Faith is not an exotic bloom to be laboriously maintained by the exclusion of most aspects of the day to day world, nor a useful delusion to be supported by sophistries and half-truths like a child's belief in Father Christmas - not, in short, a prudently unregarded adherence to a constructed creed; but rather must be, if anything, a clear-eyed recognition of the patterns and tendencies, to be found in every piece of the world's fabric, which are the lineaments of God. This is why religion can only be advice and clarification, and cannot carry any spurs of enforcement - for only belief and behavior that is independently arrived at, and then chosen, can be praised or blamed. This being the case, it can be seen as a criminal abridgement of a person's rights willfully to keep him in ignorance of any facts or opinions - no piece can be judged inadmissible, for the more stones, both bright and dark, that are added to the mosaic, the clearer is our picture of God.
Milton / Coleridge / Powers

The above quotation is from a speech about John Milton by Charles Taylor Coleridge, contained in The Anubis Gates by Tim Powers, published by Ace as an original paperback novel in December 1983. Perhaps some graduate student in English Literature can tell us whether Milton or Coleridge ever really said any such thing - I like it anyway, and will keep it around on this page of It Goes On The Shelf until I find something I like better as representing the proper attitude of a journalist.

This fanzine will not be sold. It will not even be distributed in the usual sense of mailing out a lot of the copies at once. This tired old fan will just send it through SFPA and Slanapa, and in trade as zines come in, and to correspondents as letters go out.
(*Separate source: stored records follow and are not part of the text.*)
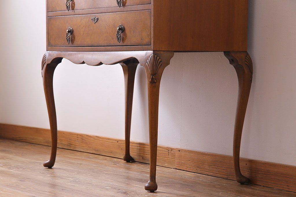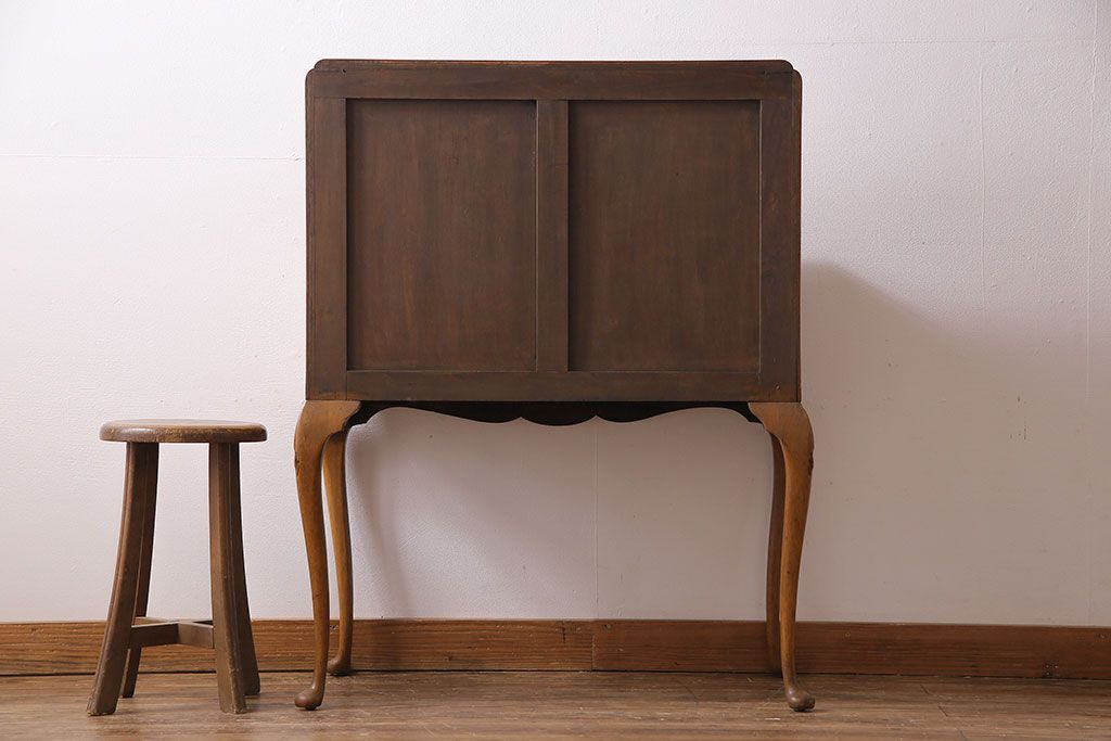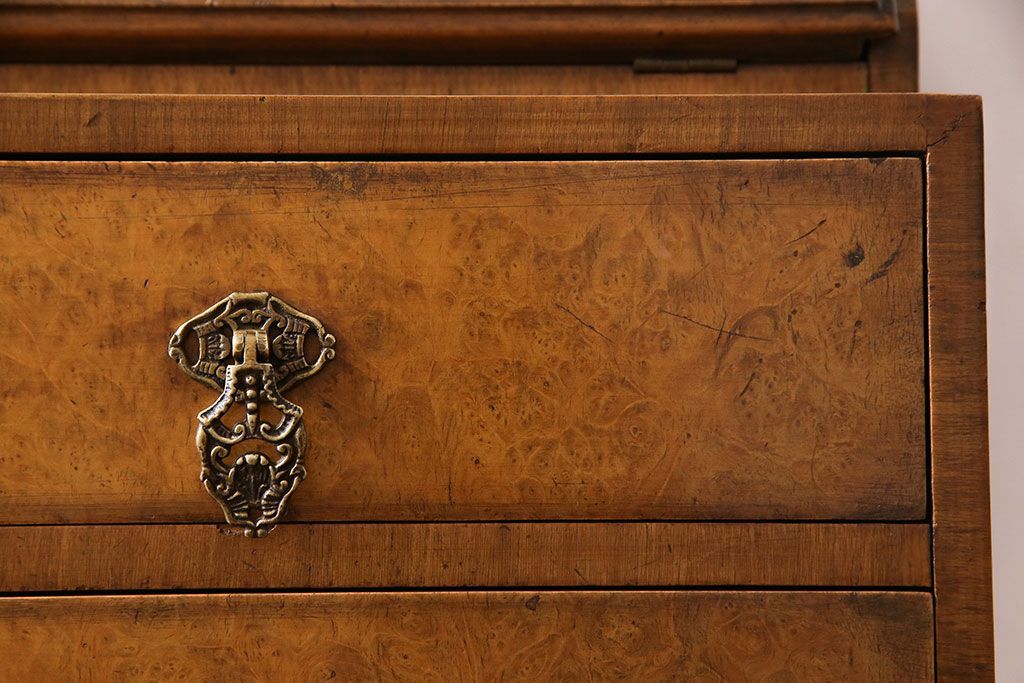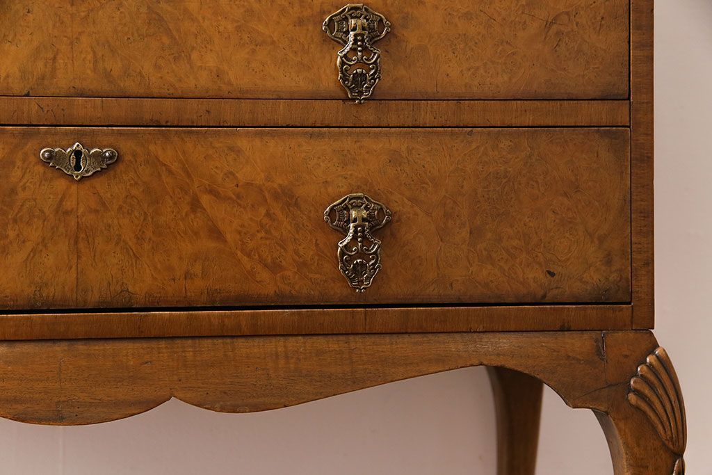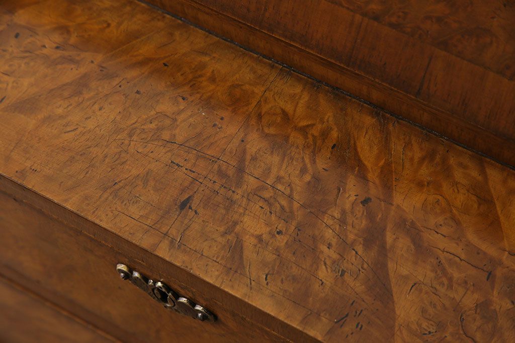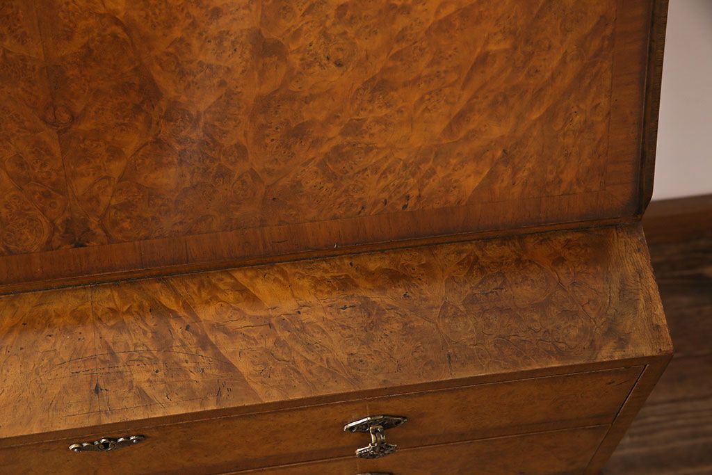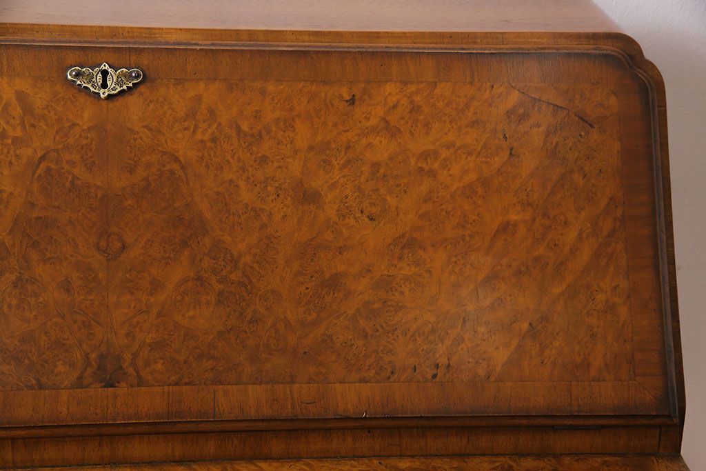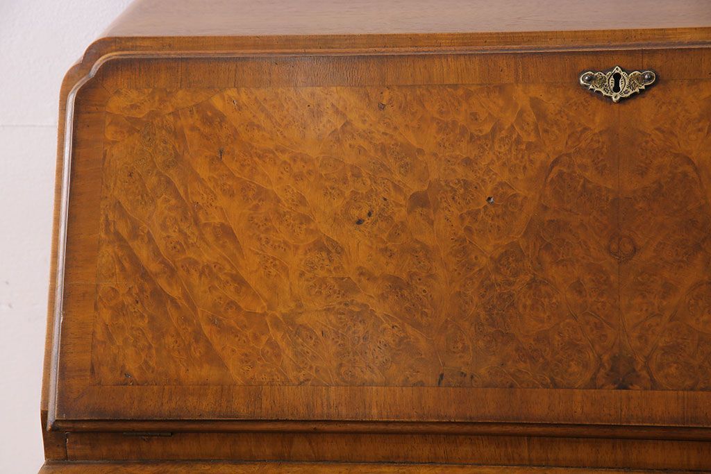 ラフジュ工房> デスク> ライティングビューロー・簿記机 > アンティーク家具 イギリスアンティーク ウォールナット バーズアイの杢目が高級感漂う猫脚ライティングビューロー(簿記机)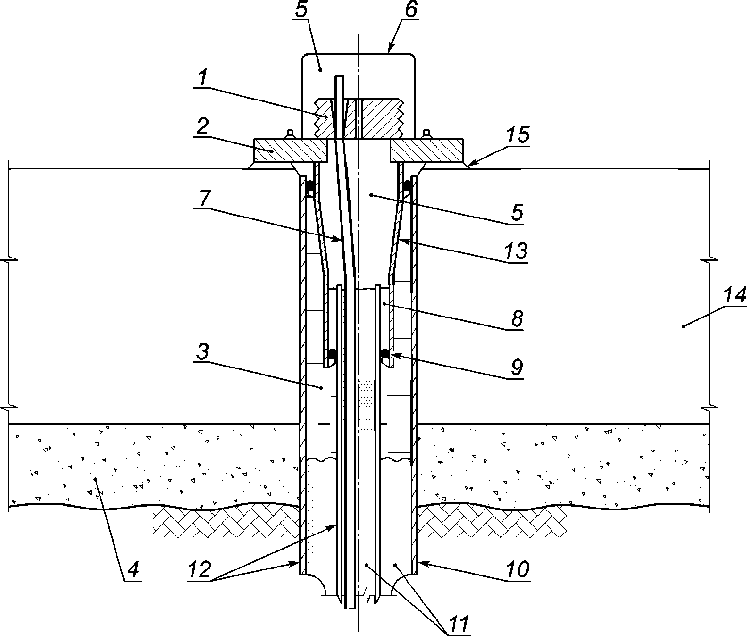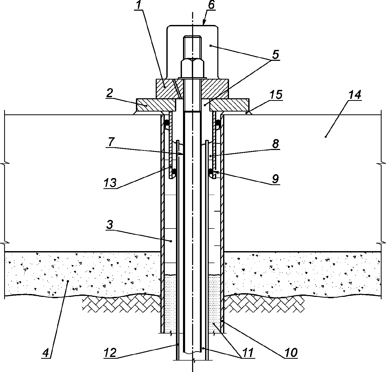 11 - защитная труба; 12 - растягивающий элемент (анкерная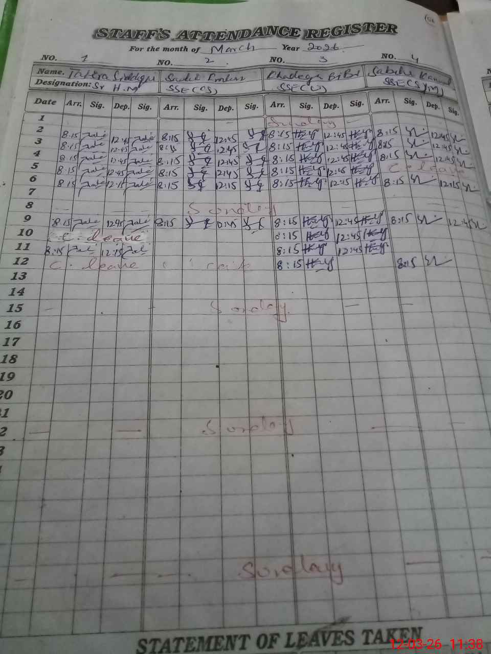 | 37**** | Al**** Ra**** | PST Science/Maths | Regular | 0 | 0 | 0 | 0 | 0 | 0 | 0 | 0 | 0 | Exam Duty |

If you should hear of it and feel you must have a copy, you may send a SASE for lack of anything better. If there is to be much art in future issues, I will need some good line art - no tone, no solid blacks, no shading except for dot or line - suitable for thermal stencil. I do not have to have the original, a good xerox is fine.

For those interested in the gruesome technical details, this fanzine is composed in FancyFont using WordStar on an Osborne microcomputer. It is printed on a RexRotary M4 mimeograph from stencils cut directly by the Epson MX-80 dot-matrix printer. Art is printed from thermal mimeo stencils cut by a 3M Thermofax machine.